[Opening Source data section]
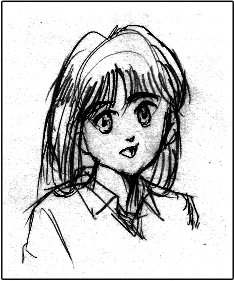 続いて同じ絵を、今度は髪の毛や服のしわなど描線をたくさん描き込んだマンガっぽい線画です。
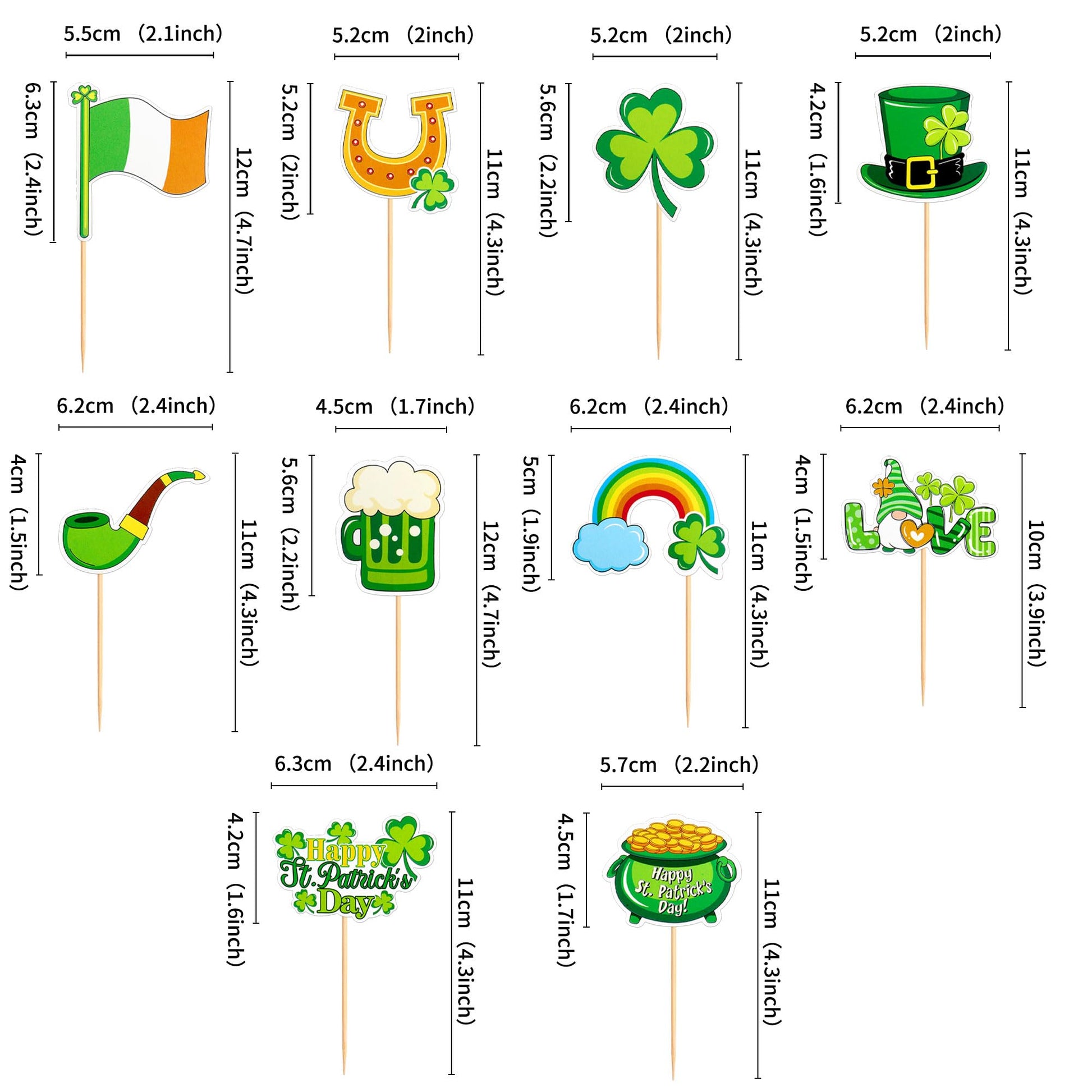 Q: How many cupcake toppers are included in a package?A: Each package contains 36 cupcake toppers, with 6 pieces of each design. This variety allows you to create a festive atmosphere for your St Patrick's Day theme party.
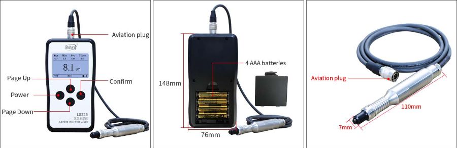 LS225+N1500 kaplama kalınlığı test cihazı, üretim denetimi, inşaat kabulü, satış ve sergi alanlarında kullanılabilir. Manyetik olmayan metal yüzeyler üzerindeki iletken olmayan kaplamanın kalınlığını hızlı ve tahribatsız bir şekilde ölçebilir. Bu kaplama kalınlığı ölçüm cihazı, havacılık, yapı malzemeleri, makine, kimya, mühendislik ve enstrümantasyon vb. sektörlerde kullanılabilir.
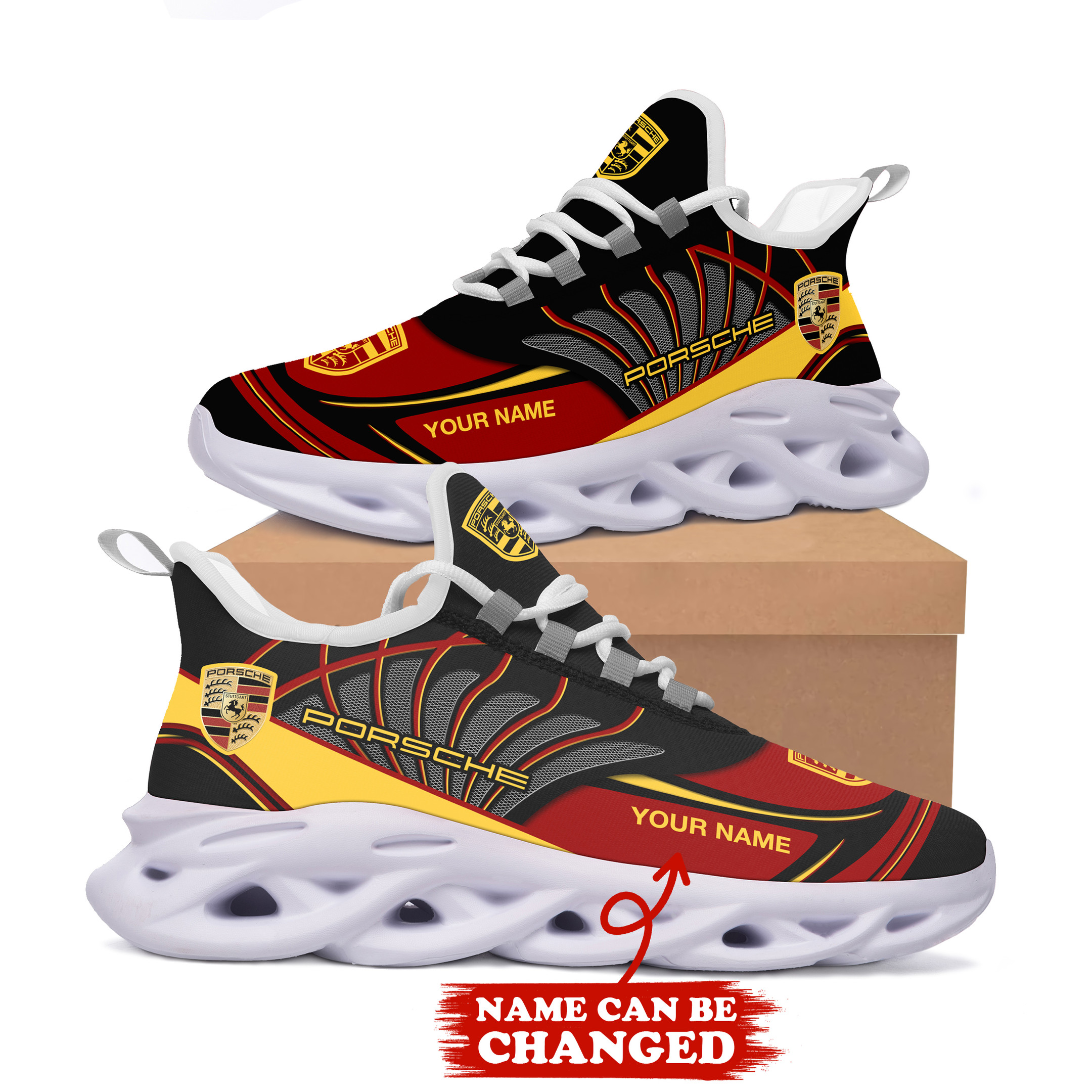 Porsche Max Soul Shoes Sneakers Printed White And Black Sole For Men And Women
[Closing Source data section]
[Opening Source data section]
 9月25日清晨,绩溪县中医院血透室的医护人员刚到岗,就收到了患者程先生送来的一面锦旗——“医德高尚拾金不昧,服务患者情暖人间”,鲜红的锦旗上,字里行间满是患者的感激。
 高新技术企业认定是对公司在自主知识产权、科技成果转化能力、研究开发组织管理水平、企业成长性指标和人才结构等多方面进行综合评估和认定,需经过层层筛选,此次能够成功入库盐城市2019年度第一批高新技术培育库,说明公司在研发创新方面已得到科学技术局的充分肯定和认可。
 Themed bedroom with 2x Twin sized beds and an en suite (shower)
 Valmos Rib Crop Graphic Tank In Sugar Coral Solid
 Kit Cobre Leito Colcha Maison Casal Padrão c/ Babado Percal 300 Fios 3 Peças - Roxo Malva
[Closing Source data section]
__Work instruction__:
Using the data above, give again exactly the lines starting at the one holding "続いて同じ絵を、今度は髪の毛" and ending at the one holding "Porsche Max Soul", inclusive, and nothing more. Omit the pictures.

__Reply to the exercise__:
 続いて同じ絵を、今度は髪の毛や服のしわなど描線をたくさん描き込んだマンガっぽい線画です。
 Q: How many cupcake toppers are included in a package?A: Each package contains 36 cupcake toppers, with 6 pieces of each design. This variety allows you to create a festive atmosphere for your St Patrick's Day theme party.
 LS225+N1500 kaplama kalınlığı test cihazı, üretim denetimi, inşaat kabulü, satış ve sergi alanlarında kullanılabilir. Manyetik olmayan metal yüzeyler üzerindeki iletken olmayan kaplamanın kalınlığını hızlı ve tahribatsız bir şekilde ölçebilir. Bu kaplama kalınlığı ölçüm cihazı, havacılık, yapı malzemeleri, makine, kimya, mühendislik ve enstrümantasyon vb. sektörlerde kullanılabilir.
 Porsche Max Soul Shoes Sneakers Printed White And Black Sole For Men And Women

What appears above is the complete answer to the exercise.